An expanded, technologically upgraded Jeremy Richard Library will be included in UConn's new downtown Stamford campus, scheduled to open for the 1997 fall semester. Nearly 29,000 square feet in size, the library will provide space for more than 100,000 volumes and seats for several hundred users. Computer workstations in the Reference Center will provide students and faculty with access to all of the Libraries' networked electronic information resources including the online catalog, the CD-ROM LAN with its dozens of databases, InfoTrac Searchbank (a full-text database), and access to the Internet via Netscape with World Wide Web search engines.

Librarians will provide hands-on instruction in database searching skills in a classroom designed to facilitiate instruction in electronic resources. An audio/visual room will accommodate both individual and group listening and viewing. Teleconferencing capability between the Babbidge Library and the Jeremy Richard Library will be provided, as will study facilities enabled for laptop computer use.

A dramatic light spline will bring natural light into the Current Journals Reading Room, and spaces designed for users will benefit from attractive, large windows. Visitors to the library will enter from the multi-story atrium that will extend over the entire front of the building, and building materials will match those used in the atrium, including service desks manufactured of solid cherry.
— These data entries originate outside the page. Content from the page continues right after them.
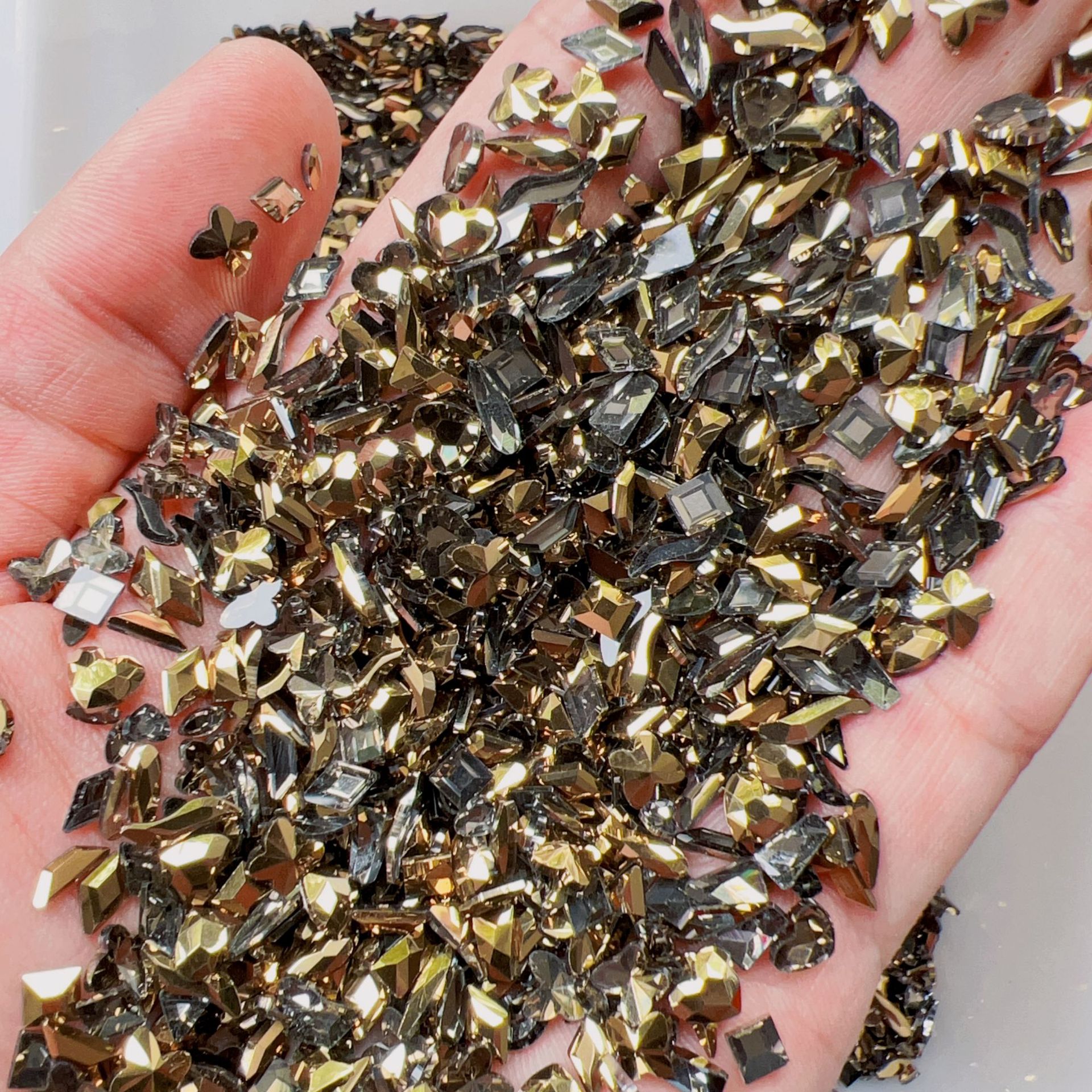 Wengenie 핫 미니 스몰 사이즈 샴페인 평면 특수 모양의 다이아몬드 슈퍼 플래시 크리스탈 유리 혼합 매니큐어 다이아몬드 도매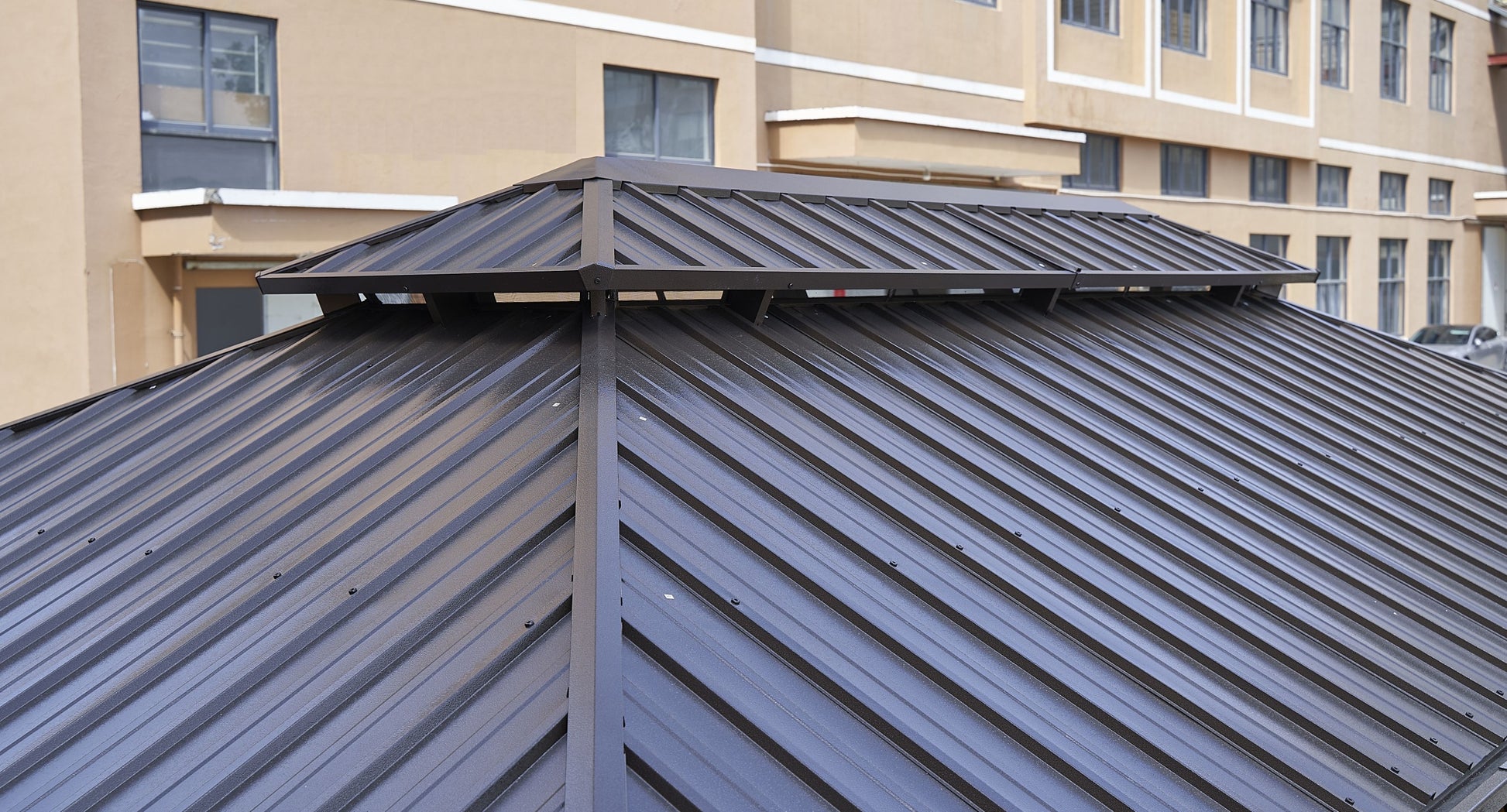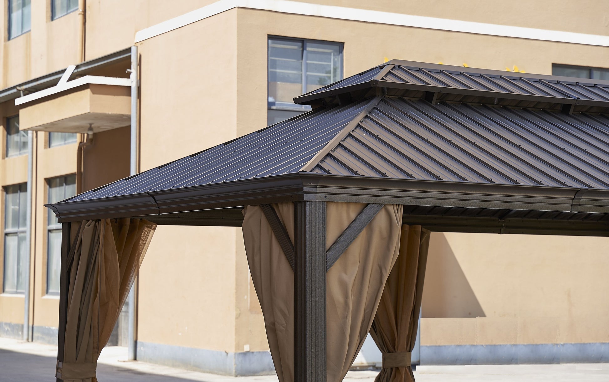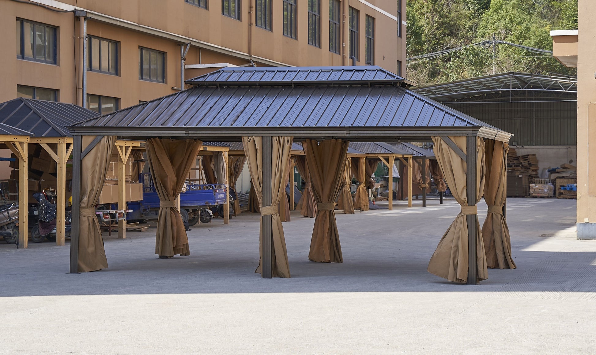 12*20Ft Patic Gazebo,Alu Gazebo With Steel Canopy,Outdoor Permanent Hardtop Gazebo Canopy For Patio, Garden, Backyard Bronze Steel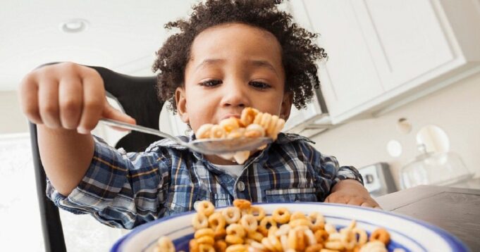 Adding that they have to lift the child whenever he is done eating because he can barely move himself after.

The construction, part of UConn 2000, began on the new downtown campus in August 1996. In addition to classrooms, offices, labs, and a variety of public spaces, the campus will also include a conference center, a computer lounge, a food court, an art gallery, and a branch of the UConn Co-Op. Contractor for the $34.3 million project is the Trumbull firm of Walsh Construction Co. Campus staff and faculty are now working intensively with the New York firm of Perkins Eastman Architects to ensure that the facility will be an educational, cultural, and aesthetic addition to downtown Stamford.